TASK INSTRUCTIONS -> Every line from the first in the listing below to the line containing "商品相册:先科 (SAST)" is to be repeated exactly, and no line past it.

COLLECTED DATA ->

....

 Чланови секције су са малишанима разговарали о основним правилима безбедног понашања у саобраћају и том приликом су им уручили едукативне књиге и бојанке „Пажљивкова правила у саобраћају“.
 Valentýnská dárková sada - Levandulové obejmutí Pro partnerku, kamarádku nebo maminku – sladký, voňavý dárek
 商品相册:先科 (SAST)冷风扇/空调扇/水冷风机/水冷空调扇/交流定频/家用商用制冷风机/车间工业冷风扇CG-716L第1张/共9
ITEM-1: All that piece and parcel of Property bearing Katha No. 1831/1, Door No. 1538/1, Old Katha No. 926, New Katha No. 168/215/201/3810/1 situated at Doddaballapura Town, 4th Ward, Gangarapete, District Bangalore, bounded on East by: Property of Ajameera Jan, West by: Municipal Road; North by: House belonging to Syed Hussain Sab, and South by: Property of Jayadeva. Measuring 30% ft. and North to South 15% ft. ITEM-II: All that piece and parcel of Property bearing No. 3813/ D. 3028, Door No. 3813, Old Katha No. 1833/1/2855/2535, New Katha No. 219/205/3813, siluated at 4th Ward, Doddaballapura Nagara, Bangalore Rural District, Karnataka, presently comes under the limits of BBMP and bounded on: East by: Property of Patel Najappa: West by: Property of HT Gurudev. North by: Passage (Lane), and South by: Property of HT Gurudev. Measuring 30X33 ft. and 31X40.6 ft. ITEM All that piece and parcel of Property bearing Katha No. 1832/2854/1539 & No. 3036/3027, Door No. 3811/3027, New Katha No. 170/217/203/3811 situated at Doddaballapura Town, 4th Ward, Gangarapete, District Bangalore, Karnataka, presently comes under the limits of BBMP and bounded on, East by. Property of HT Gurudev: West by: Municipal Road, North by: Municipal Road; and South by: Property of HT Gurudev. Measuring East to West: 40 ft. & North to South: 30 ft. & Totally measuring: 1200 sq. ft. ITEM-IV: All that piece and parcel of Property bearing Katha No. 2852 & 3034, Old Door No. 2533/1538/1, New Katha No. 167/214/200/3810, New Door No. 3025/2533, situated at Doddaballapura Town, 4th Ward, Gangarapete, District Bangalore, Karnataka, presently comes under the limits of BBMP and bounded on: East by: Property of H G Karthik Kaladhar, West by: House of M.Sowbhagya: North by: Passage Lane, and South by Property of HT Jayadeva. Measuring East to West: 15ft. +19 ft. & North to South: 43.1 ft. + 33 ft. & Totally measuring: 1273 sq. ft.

....

FINAL ANSWER ->
 Чланови секције су са малишанима разговарали о основним правилима безбедног понашања у саобраћају и том приликом су им уручили едукативне књиге и бојанке „Пажљивкова правила у саобраћају“.
 Valentýnská dárková sada - Levandulové obejmutí Pro partnerku, kamarádku nebo maminku – sladký, voňavý dárek
 商品相册:先科 (SAST)冷风扇/空调扇/水冷风机/水冷空调扇/交流定频/家用商用制冷风机/车间工业冷风扇CG-716L第1张/共9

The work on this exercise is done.